---- RECORDS FOR PROCESSING
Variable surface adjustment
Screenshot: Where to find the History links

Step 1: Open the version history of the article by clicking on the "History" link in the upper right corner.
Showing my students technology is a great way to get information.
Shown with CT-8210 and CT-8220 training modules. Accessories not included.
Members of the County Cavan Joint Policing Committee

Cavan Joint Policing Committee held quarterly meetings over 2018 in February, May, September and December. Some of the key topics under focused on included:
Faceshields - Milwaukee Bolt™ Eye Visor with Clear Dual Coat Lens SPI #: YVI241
--------
---- RECORDS FOR PROCESSING
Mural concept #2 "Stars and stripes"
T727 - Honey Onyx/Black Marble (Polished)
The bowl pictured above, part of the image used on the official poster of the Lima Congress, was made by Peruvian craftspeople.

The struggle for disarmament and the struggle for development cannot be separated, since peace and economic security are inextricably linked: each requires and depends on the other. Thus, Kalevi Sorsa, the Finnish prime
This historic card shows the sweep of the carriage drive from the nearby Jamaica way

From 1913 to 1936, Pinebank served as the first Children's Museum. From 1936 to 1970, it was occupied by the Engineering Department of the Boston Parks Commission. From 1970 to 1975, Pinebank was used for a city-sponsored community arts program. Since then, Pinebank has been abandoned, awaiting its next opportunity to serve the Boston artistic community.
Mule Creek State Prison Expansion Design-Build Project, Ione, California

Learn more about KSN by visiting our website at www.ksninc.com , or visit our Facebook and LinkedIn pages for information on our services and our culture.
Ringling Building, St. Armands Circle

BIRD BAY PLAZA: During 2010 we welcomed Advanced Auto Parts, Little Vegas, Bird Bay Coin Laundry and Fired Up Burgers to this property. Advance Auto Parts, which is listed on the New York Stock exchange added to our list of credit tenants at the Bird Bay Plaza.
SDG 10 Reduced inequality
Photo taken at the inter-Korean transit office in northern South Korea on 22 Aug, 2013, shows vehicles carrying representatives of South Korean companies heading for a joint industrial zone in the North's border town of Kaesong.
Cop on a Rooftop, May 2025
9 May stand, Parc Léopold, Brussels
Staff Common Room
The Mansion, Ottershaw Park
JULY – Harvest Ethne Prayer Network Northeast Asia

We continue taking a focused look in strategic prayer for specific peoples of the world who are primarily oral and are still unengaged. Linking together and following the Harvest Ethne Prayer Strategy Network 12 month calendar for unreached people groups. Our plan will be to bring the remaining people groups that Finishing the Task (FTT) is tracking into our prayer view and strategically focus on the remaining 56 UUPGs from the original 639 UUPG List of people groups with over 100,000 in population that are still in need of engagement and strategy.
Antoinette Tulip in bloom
--------
---- RECORDS FOR PROCESSING
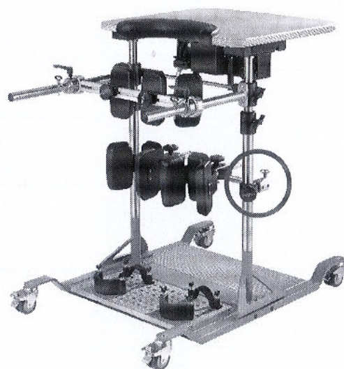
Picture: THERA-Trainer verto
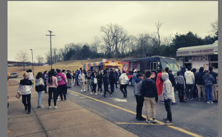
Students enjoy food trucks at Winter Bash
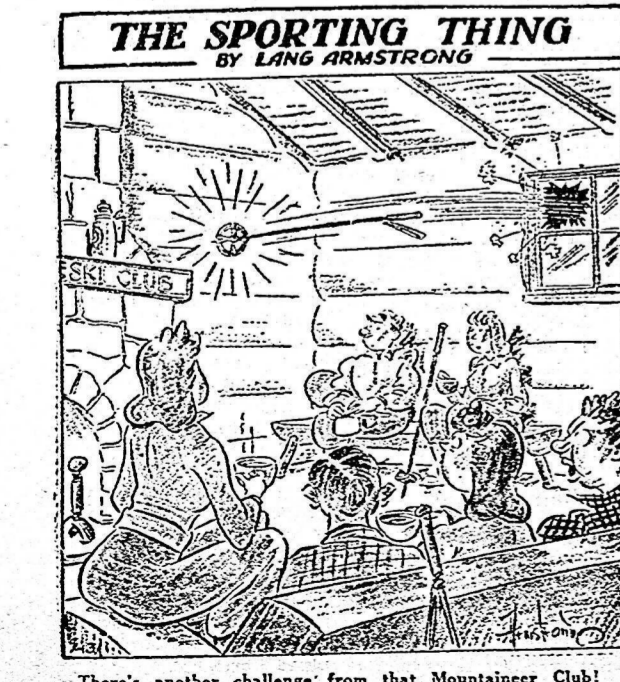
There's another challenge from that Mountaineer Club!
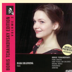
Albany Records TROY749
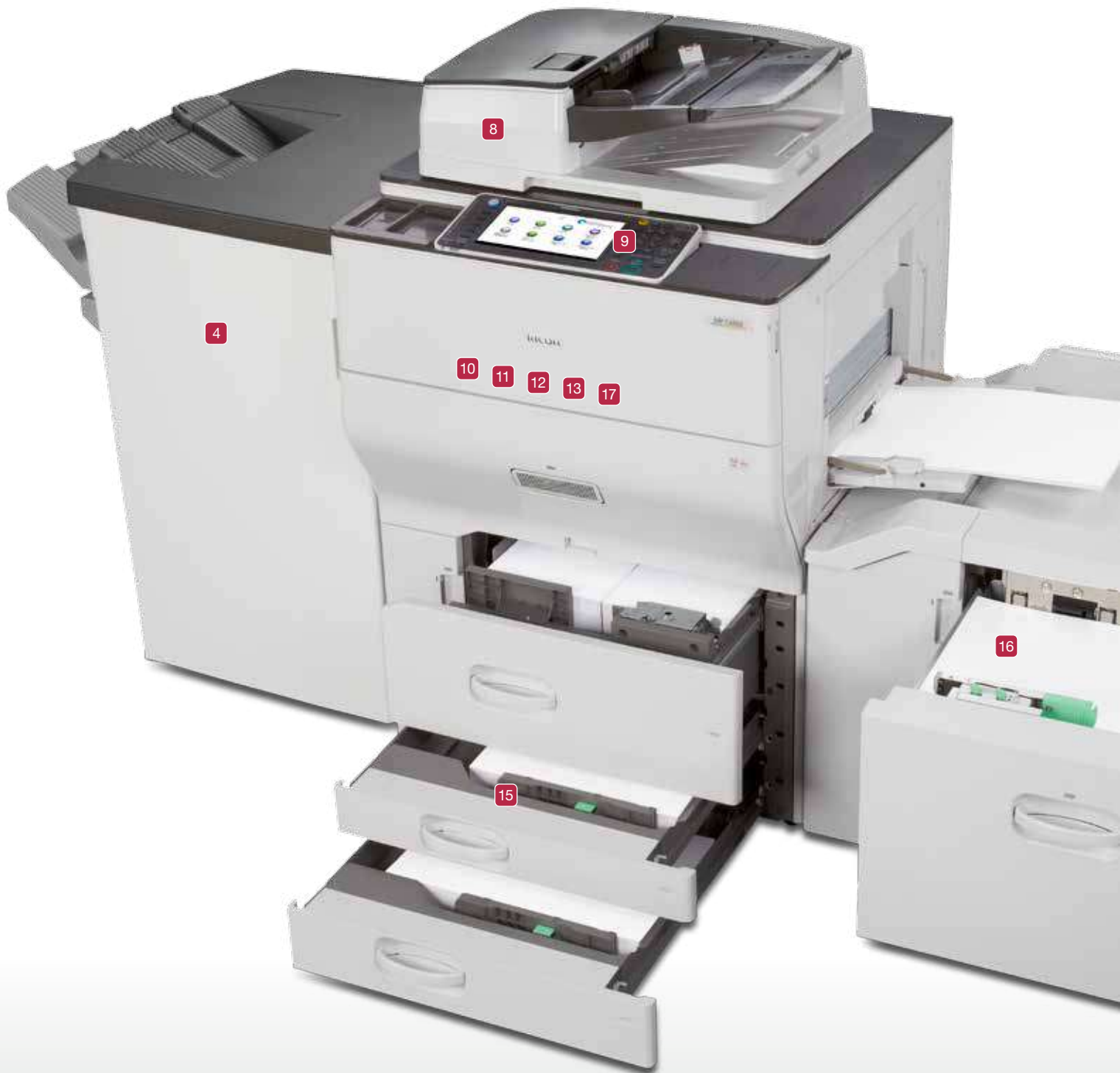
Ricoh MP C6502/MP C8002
--------
EXERCISE AIM:
Go through the material above, find each line with the string "Cavan", and copy it.

YOUR SOLUTION:
Members of the County Cavan Joint Policing Committee
Cavan Joint Policing Committee held quarterly meetings over 2018 in February, May, September and December. Some of the key topics under focused on included:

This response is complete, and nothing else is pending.